Staff also partnered with local tribes to host two drive-through events. At the first, which happened in the city of Anadarko in collaboration with the Wichita and Affiliated Tribes, study staffers distributed face masks at a COVID-19 vaccination drive. The second event took place at the Comanche Nation Tribal Complex. Organizers announced the events on the Strong Heart Study Facebook page and on the social media platforms of the partner tribes.

“These two drive-through events were hugely successful. People drove long distances for the masks,” said Tauqeer Ali, Ph.D., M.P.H., principal investigator of the Oklahoma Center.  “American Indian tribes have been very pro-active in the fight against COVID-19 by implementing preventive measures early during this pandemic, such as organizing COVID-19 vaccination drives; distributing face masks and hand sanitizers; and making public health announcements to emphasize the importance of wearing masks and social distancing,” added Ali, who also is a professor of research in the Department of Biostatistics and Epidemiology at the University of Oklahoma Health Sciences Center in Oklahoma City.  Ali has been with the Strong Heart program since its early days. 

In addition to the drive-through events, the Oklahoma Strong Heart Study Center also worked with the participating tribes’ elder nutrition programs, which provide free home-delivered meals and face masks to the tribal elders.

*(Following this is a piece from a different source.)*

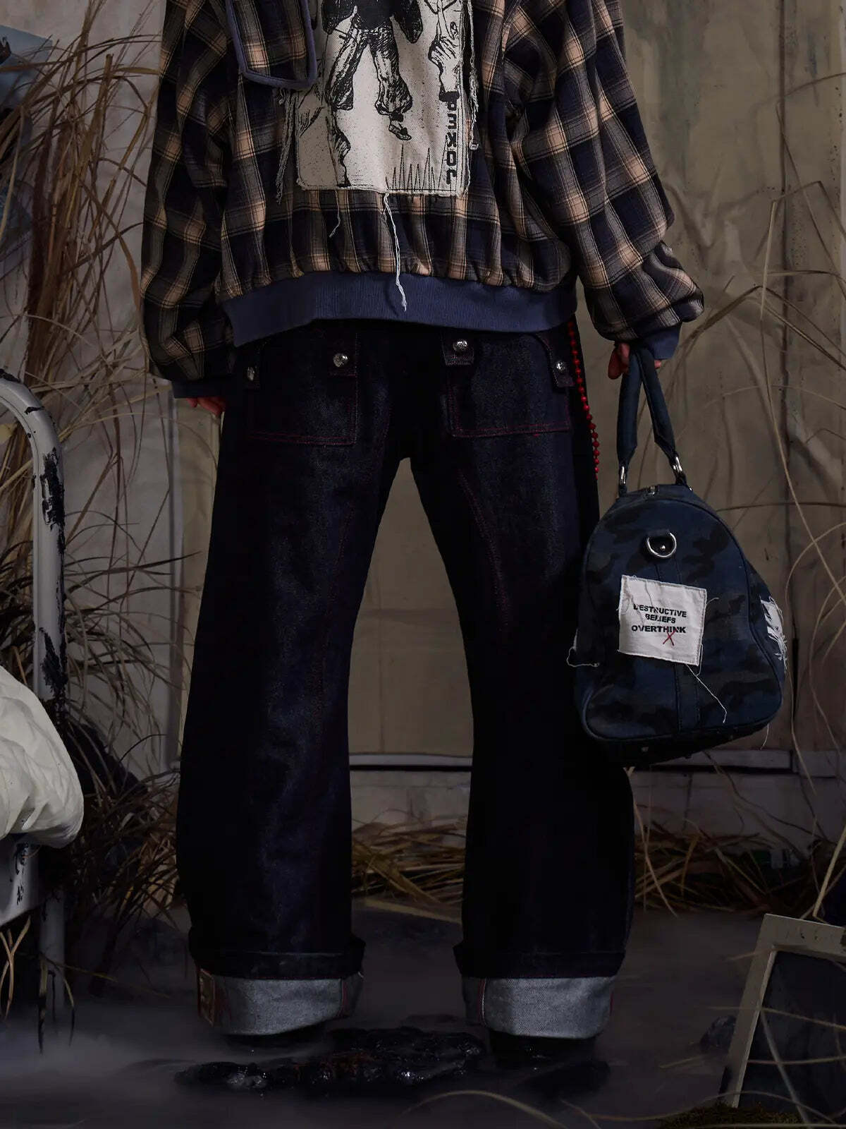 【EMOBROTHER】EMO "No Money No Peace" Raw Denim Curved Cut Jeans

Strong Heart Study staff members have also been calling study participants to check on them and to tell them about COVID-19-related services being offered by the local tribes and community members.

Looking toward a healthier future  

Older tribal member gets ready to receive a COVID-19 vaccine from Strong Heart staff worker.
Older tribal member gets ready to receive a COVID-19 vaccine from Strong Heart staff worker.

Despite the challenges brought on by the pandemic, Strong Heart Study staff continue to push forward with a sense of urgency, its leaders said. It recently partnered with the NHLBI-funded Collaborative Cohort of Cohorts for COVID-19 Research (C4R), an observational study of more than 50,000 individuals nationwide to determine factors that predict disease severity and long-term health impacts of COVID-19. Heart disease, which is prevalent in the Strong Heart population, is a known risk factor for severe COVID. 

Participants in C4R, who were enrolled from 14 long-term cohort studies, range in age from young adulthood to elderly and reflect the racial/ethnic, socioeconomic, and geographic diversity of the United States. The Strong Heart Study represents the only American Indian group in this new study. The C4R study is ongoing and final results are not available.   “COVID has changed everything – how we collect data, how people live, the stressors in our life, how we go to the doctor,” said Strong Heart’s Marcia O’Leary. “We don’t know exactly how this will play out as far as how COVID impacts cardiovascular disease in this population in the long-term. But hopefully we can get ahead of it. We’re  just on the brink of really understanding it.”

O’Leary said she’s optimistic that tribal members will prevail. “Nobody’s more resilient or accustomed to having to adjust and rebound than our American Indian partners,” she said.